> **What you should do**: Your job is to return the whole listing unchanged while skipping its images.

··· Stored data ···

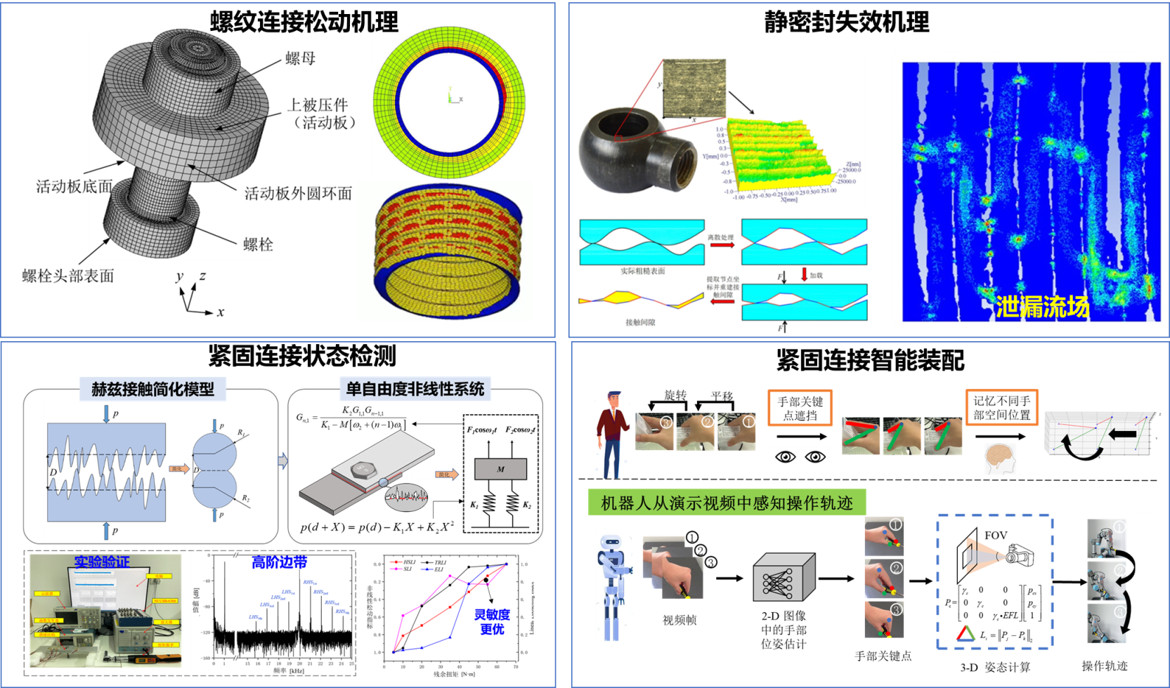 开展了螺纹连接界面松动、咬死等失效机理与结构优化设计研究、管接头/法兰等密封面泄漏机理与工艺调控方法研究、基于超声的紧固连接状态检测与预紧力精确测量方法研究、连接界面应力非接触式测量方法与喷涂应力传感器研制、紧固连接力学状态对精密结构装配精度和结构动力学响应的影响分析、紧固连接智能装配方法。
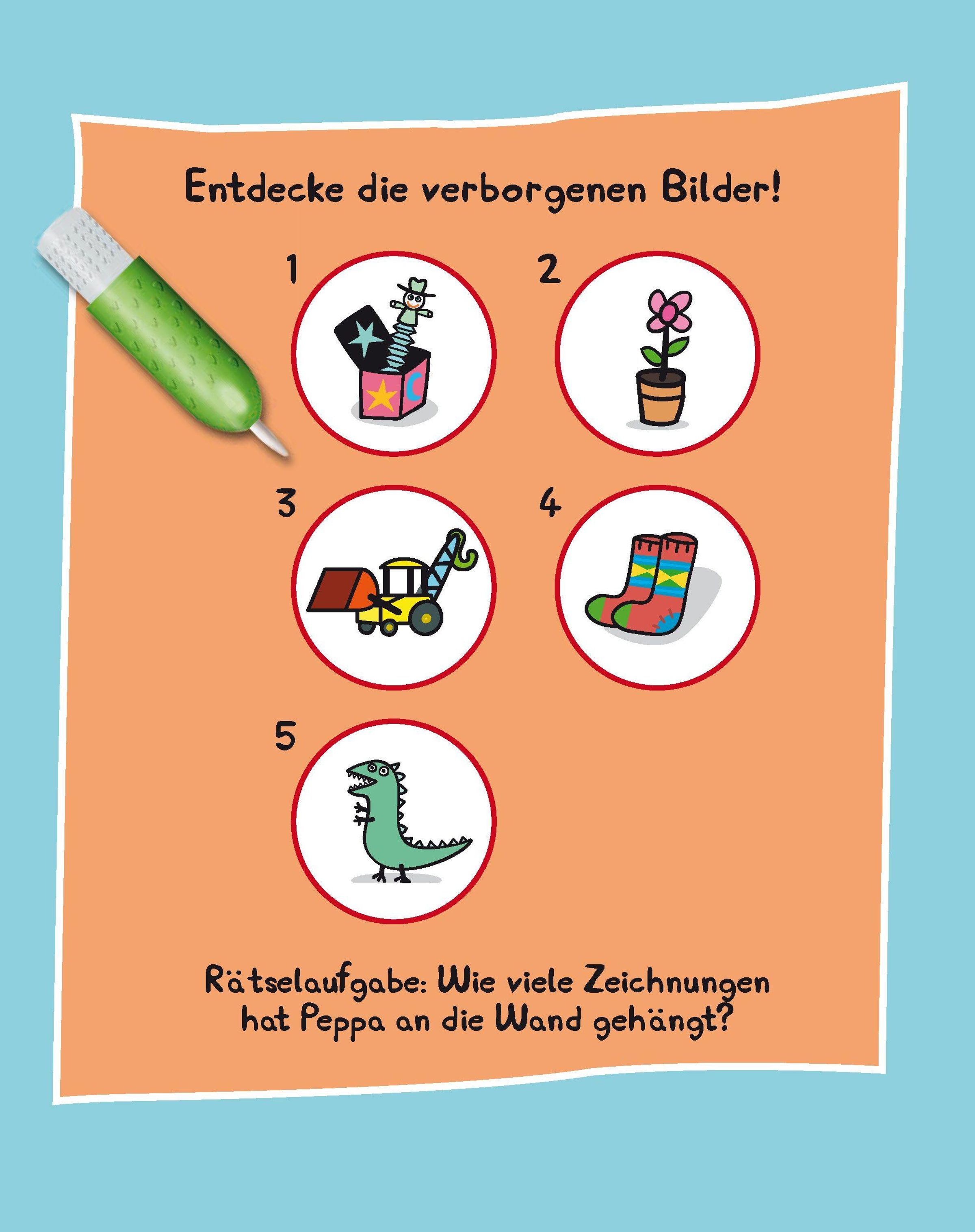 Mit dem verzauberten Wassermalspaß mit Peppa und ihren Freunden erweckt man die magischen Bilder rund um Peppa, Schorch, der Familie Wutz und den anderen Lieblingen vom grünen Hügelland zum Leben! Einfach den Stift mit Wasser befüllen, über die Seiten streichen und schon erscheinen plötzlich die lustigen Figuren aus der Serie - in Farbe! Zusätzlich sind auf jedem Bild zuvor unsichtbare Elemente verborgen. So entdecken kleine Künstler lustige Bilder und spannende Rätsel, die es zu lösen gilt.
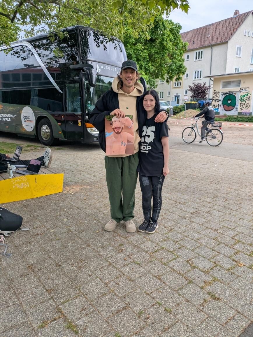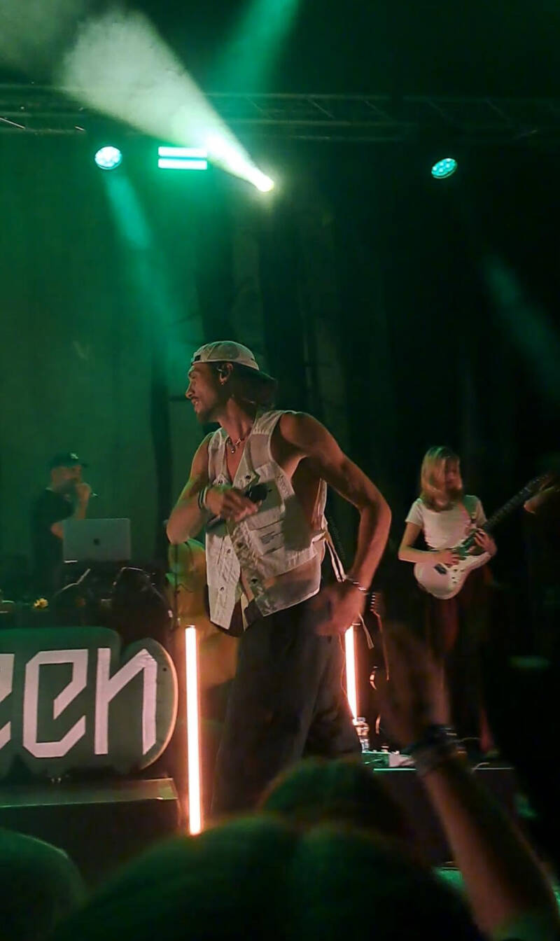 „Ich liebe dieses Bild von GReeeN das war 2023 in Kassel wo er Support Act bei SDP war 💚🌻“
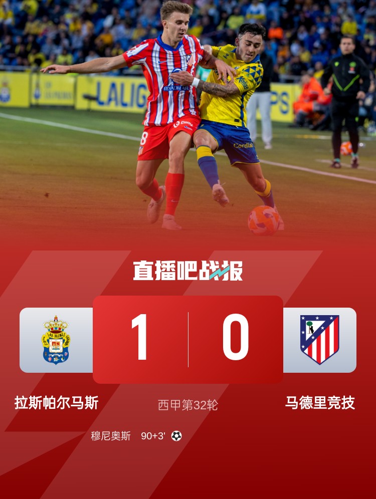 西甲聯(lián)賽第32輪,馬競客場0-1遭拉斯帕爾馬斯絕殺,落后巴薩10分。

···

> **Task response**:
 开展了螺纹连接界面松动、咬死等失效机理与结构优化设计研究、管接头/法兰等密封面泄漏机理与工艺调控方法研究、基于超声的紧固连接状态检测与预紧力精确测量方法研究、连接界面应力非接触式测量方法与喷涂应力传感器研制、紧固连接力学状态对精密结构装配精度和结构动力学响应的影响分析、紧固连接智能装配方法。
 Mit dem verzauberten Wassermalspaß mit Peppa und ihren Freunden erweckt man die magischen Bilder rund um Peppa, Schorch, der Familie Wutz und den anderen Lieblingen vom grünen Hügelland zum Leben! Einfach den Stift mit Wasser befüllen, über die Seiten streichen und schon erscheinen plötzlich die lustigen Figuren aus der Serie - in Farbe! Zusätzlich sind auf jedem Bild zuvor unsichtbare Elemente verborgen. So entdecken kleine Künstler lustige Bilder und spannende Rätsel, die es zu lösen gilt.
 „Ich liebe dieses Bild von GReeeN das war 2023 in Kassel wo er Support Act bei SDP war 💚🌻“
 西甲聯(lián)賽第32輪,馬競客場0-1遭拉斯帕爾馬斯絕殺,落后巴薩10分。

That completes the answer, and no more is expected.